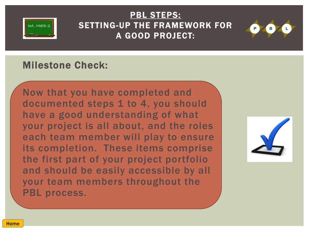 PBL Steps:Setting-up the Framework for a Good Project: Milestone Check: Now that you have completed and documented steps 1 to 4, you should have a good understanding of what your project is all about, and the roles each team member will play to ensure its completion. These items comprise the first part of your project portfolio and should be easily accessible by all your team members throughout the PBL process. Home
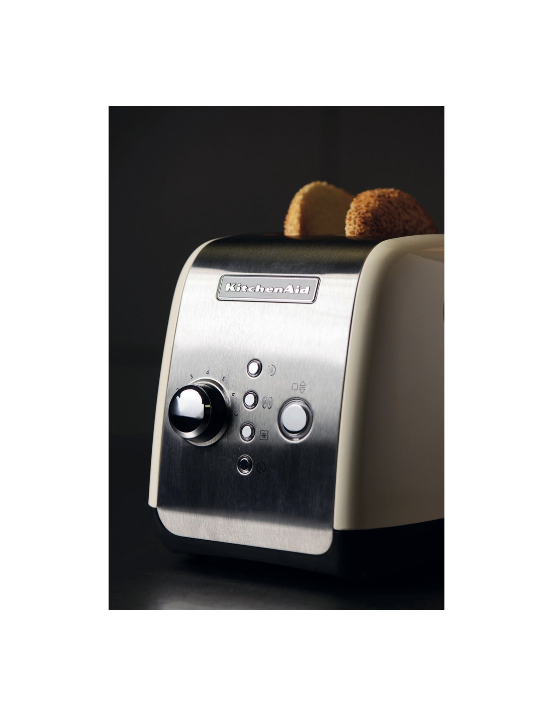 Il tostapane 2 fette automatico (5KMT221) è un tostapane contemporaneo dal design compatto. Disponibile in una gamma di colori eleganti, ha un corpo robusto interamente in metallo e una manopola di controllo cromata.
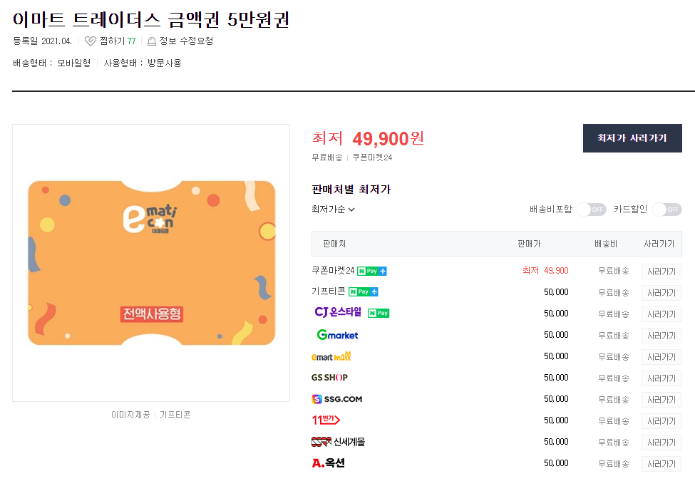 물론 상품권 거래하면 현금영수증은 할수 있지만 카드 실적이나 할인을 받지 못하는 상황이 생겨서 구입하고자 하는 상품거래정보를 확인한 후에 구입하는걸 추천합니다. 요즘처럼 경기가 안좋을때 생필품은 어쩔수 없이 구입해야 하잖아요. 그래서 할인정보를 찾으시는 분들에게 조금이나마 도움이 되셨으면 합니다.
==*==
EXERCISE PROMPT: Would you retype the material exactly, omitting each picture?

PROBLEM SOLUTION:
 PBL Steps:Setting-up the Framework for a Good Project: Milestone Check: Now that you have completed and documented steps 1 to 4, you should have a good understanding of what your project is all about, and the roles each team member will play to ensure its completion. These items comprise the first part of your project portfolio and should be easily accessible by all your team members throughout the PBL process. Home
 Il tostapane 2 fette automatico (5KMT221) è un tostapane contemporaneo dal design compatto. Disponibile in una gamma di colori eleganti, ha un corpo robusto interamente in metallo e una manopola di controllo cromata.
 물론 상품권 거래하면 현금영수증은 할수 있지만 카드 실적이나 할인을 받지 못하는 상황이 생겨서 구입하고자 하는 상품거래정보를 확인한 후에 구입하는걸 추천합니다. 요즘처럼 경기가 안좋을때 생필품은 어쩔수 없이 구입해야 하잖아요. 그래서 할인정보를 찾으시는 분들에게 조금이나마 도움이 되셨으면 합니다.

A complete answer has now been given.